Low-temperature polymer electrolyte membrane fuel cells have expensive electrolyte membranes and require a carbon monoxide reducer configured to prevent catalyst poisoning, a water controller configured to precisely maintain water content of the electrolyte membrane, etc.

High-temperature polymer electrolyte membrane fuel cells are driven in a dry environment without water due to operation at high temperatures. Therefore, high-temperature polymer electrolyte membrane fuel cells may solve the problems of electrode flooding and complex humidification systems.

As such, high-temperature polymer electrolyte membrane fuel cells are configured mainly using a phosphoric acid-doped polybenzimidazole (PBI)-based polymer as the electrolyte membrane. A polybenzimidazole-based polymer, having a high glass transition temperature and excellent thermal and physicochemical stability, is widely used as a high-temperature polymer electrolyte membrane.

Also, electrodes of the membrane-electrode assembly in the high-temperature polymer electrolyte membrane fuel cell are composed of a hydrophobic binder such as polytetrafluoroetylene (PTFE), which is a perfluorinated polymer, and a Pt/C catalyst with platinum metal supported on a carbon support. Such electrodes may receive phosphoric acid from the electrolyte membrane by applying physical pressure to the electrolyte membrane doped with an excess of phosphoric acid during manufacture of a membrane-electrode assembly and a stack. Phosphoric acid is present in the pores between PTFE and Pt/C. When protons are transferred through such phosphoric acid, oxidation or reduction reaction occurs on the Pt surface in contact with phosphoric acid.

However, PTFE, which is used as a conventional electrode binder, has low interfacial bonding properties with a commercial ion exchange material. PTFE also has a problem of causing environmental pollution during the disposal process. PTFE further has the disadvantage of making additional reforming reaction difficult due to having high crystallinity.

Therefore, the present disclosure has been made keeping in mind the problems encountered in the related art. An object of the present disclosure is to provide an electrode layer for a high-temperature polymer electrolyte membrane fuel cell including a polymer binder having a new structure. The polymer binder itself includes an ion exchange functional group introduced thereto, exhibiting high ion exchange performance, excellent chemical stability, high gas permeability due to lowered crystallinity and increased solubility, and high interfacial bonding properties with commercial ion exchange materials.

The objects of the present disclosure are not limited to the foregoing. The objects of the present disclosure should be more clearly understood through the following description and realized by the electrode layers and high-temperature polymer electrolyte membrane fuel cells described in the claims and through combinations thereof.

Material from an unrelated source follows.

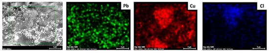 The general chemical analyses performed on this sample using EDX showed the presence of high percentages of calcium (Ca) and lead (Pb). Other elements such as silicon (Si), copper (Cu), chlorine (Cl), iron (Fe), aluminium (Al), and sodium (Na) were also present (Table 1 and Figure S3a). The punctual chemical analyses on some of the green particles performed using the EDX analyser (Table 1 and Figure S3b) indicated the major presence of copper (Cu) and chlorine (Cl), suggesting the presence of atacamite. EDX mapping of the green particles showed a composition based on copper (Cu), chlorine (Cl) (both elements matched in the central area), and lead (Pb) (Figure 6), which were respectively attributed to the composition of the green colour and the support on which the pigment was laid. The chemical analyses of the stone indicated a predominance of calcium (Ca), which is consistent with a calcarenite composition (Table 1 and Figure S3c), and also lead (Pb), aluminium (Al), and silicon (Si), possibly from the layer on the rock support. The X-ray diffraction analyses of the green colour (Figure 5b) indicated the presence of atacamite (Cu2Cl(OH)3, PDF 25-0269; signals at 2Θ = 16.2°, 32.4°, and 39.5°), calcite (CaCO3, PDF 05-0586; signals at 2Θ = 29.4°, 39.4°, 43.1°, 47.4°, and 48.5°), and quartz (SiO2, PDF 33-1161; signals at 2Θ = 27.4° and 21.0°). The analysis using Raman spectroscopy confirmed the presence of atacamite due to their bands at 511, 819, 908, and 974 cm−1 [] (Figure 4b).

An aspect of the present disclosure provides an electrode layer for a high-temperature polymer electrolyte membrane fuel cell. The electrode layer includes a catalyst and a polymer binder having proton conductivity. The polymer binder may include a main chain having at least one of fluorene or biphenyl and a side chain having a branched chain connected to the main chain and a phosphorus (P)-containing functional group located at an end thereof.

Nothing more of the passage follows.